Post edited on 4th Aug 2019, 7:07am
>> No. 24515 [Edit]
>>24485
I used to daydream about traveling to lots of places when I was younger, but your second paragraph includes some of the reasons I don't want to anymore.
In my early 20s I got the chance to actually travel somewhere I had dreamed about going and it was horrible. I was constantly stressed and anxious, the schedules I had planned before I left gave me no enjoyment and just left me exhausted and confused. Nothing was worth the hassle. I just wanted to wait in my hotel room on my computer until I could go home.
The only fun I actually had was going to the grocery store. If you travel any significant distance (even within the same country, if it is big enough) the things you can find in a grocery store are totally different, and since the food in grocery stores is generally only a couple of dollars rather than the price of a full meal, you can afford to buy pretty much every single item that looks interesting to you.
>> No. 24519 [Edit]
Just like how there's a Shikoku 88 temple pilgrimage, there's a new Otaku 88 pilgrimage. Some of the "holy sites" may interest you.
>> No. 24656 [Edit]
I often think about it but I've come to realise it's more about mentally escaping my life than actually visiting somewhere different.
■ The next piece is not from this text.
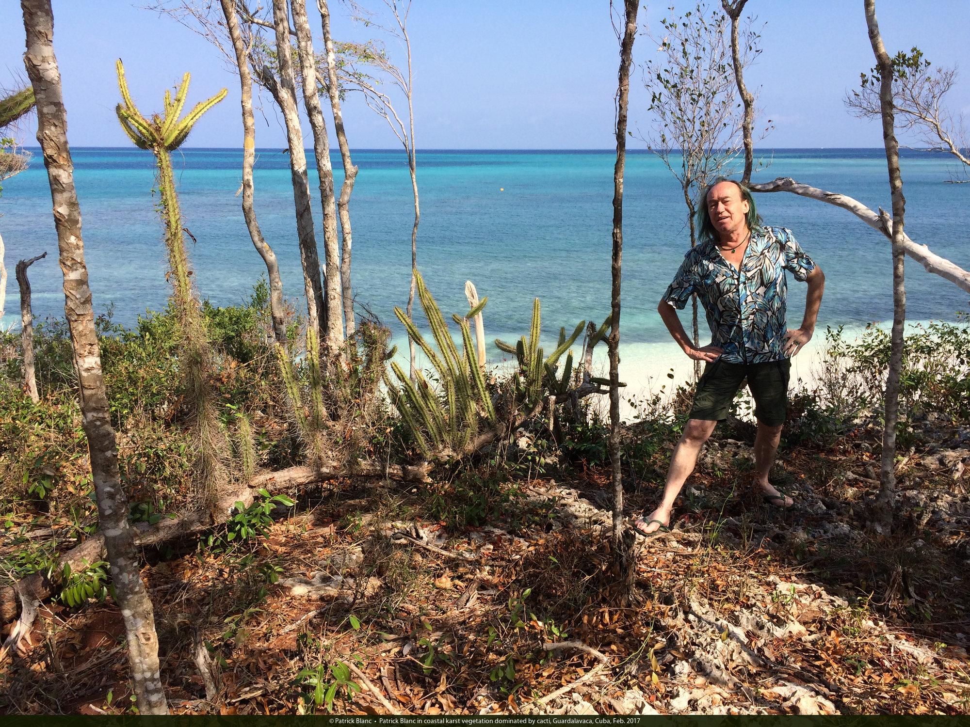 Patrick Blanc in coastal karst vegetation dominated by cacti, Guardalavaca, Cuba, Feb. 2017 [nid: 12683]
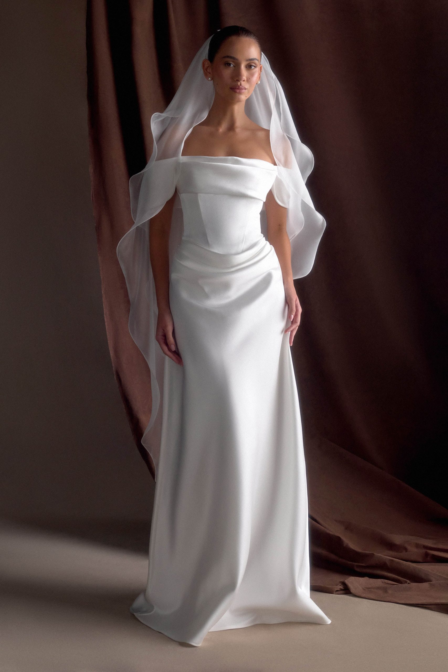 Asteria Draped Chiffon Veil – Ivory

As in my troubles will go away if i physically move. I think about this so often.
But, when i think about it there is nothing i particually want to see. If i did i could justy see it online. I've spent hours and hours looking at streetview for various countries.

Even looked at airbnb rooms and imagined interacting with the people. I know how the interaction will go. I know how i will speak and how the conversation will go.

Which is strtange considering the anxiety i feel when travelling. A couple years ago I flew 30 mins to another city to see my brother. It was 48 hours of panic and stress.
That feeling when I returned and got back in my car and sank into the seat was unbelivable.

Another time I toured my own country a little. It was just the same shit everywhere. The same shops and everything just with different geography. I found it increasingly frustrating being unable to derive any satisfaction from it.

It put me off any travel. Or anything really. There's nothing out there is there?